To label the plasma membrane of all cells, a zebrafish transgenic line was utilised.
Furthermore, a novel zebrafish transgenic line that labels the outer segments of red
sensitive PRCs was generated. This transgenic line enabled visualisation and volume
quantification of outer segments of red sensitive cones. The use of both transgenic lines in combination with antibody stainings indicated that, from 72 hours post fertilisation (hpf) onwards, subtypes of PRCs exhibit differences in growth rate and morphology of their cell compartments.
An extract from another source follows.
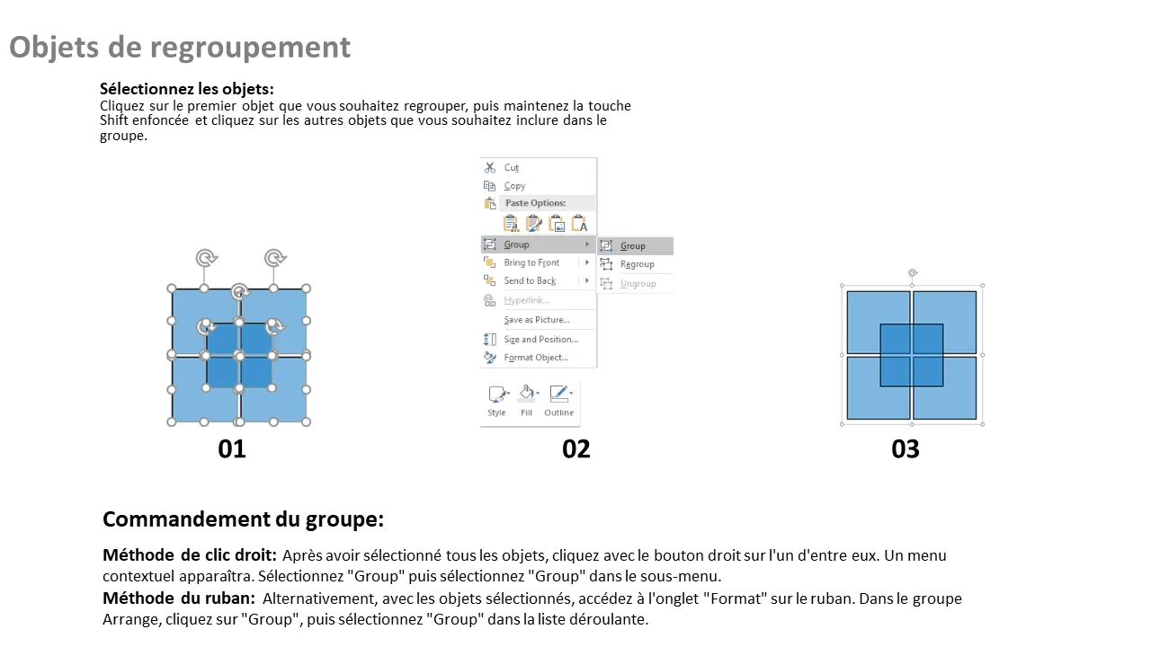 - Outils de regroupement préconfigurés pour un alignement et une édition faciles des objets

Additionally, differences in mitochondrial clusters and nuclei positioning were observed during the maturation process. From 72 hpf to 120 hpf, rough endoplasmic reticulum accumulation emerged specifically in rod like PRCs. Changes in chromatin organisation were observed in UV sensitive cones like PRCs from 120 hpf onwards. This showed that a high degree of complexity was observed even within the cone PRC subtypes. Lastly, the role of a candidate gene, crb2b, was examined by comparing PRC maturation process in WT and crb2b mutants. My results indicate that loss of Crb2b does not show obvious defects in PRC maturation.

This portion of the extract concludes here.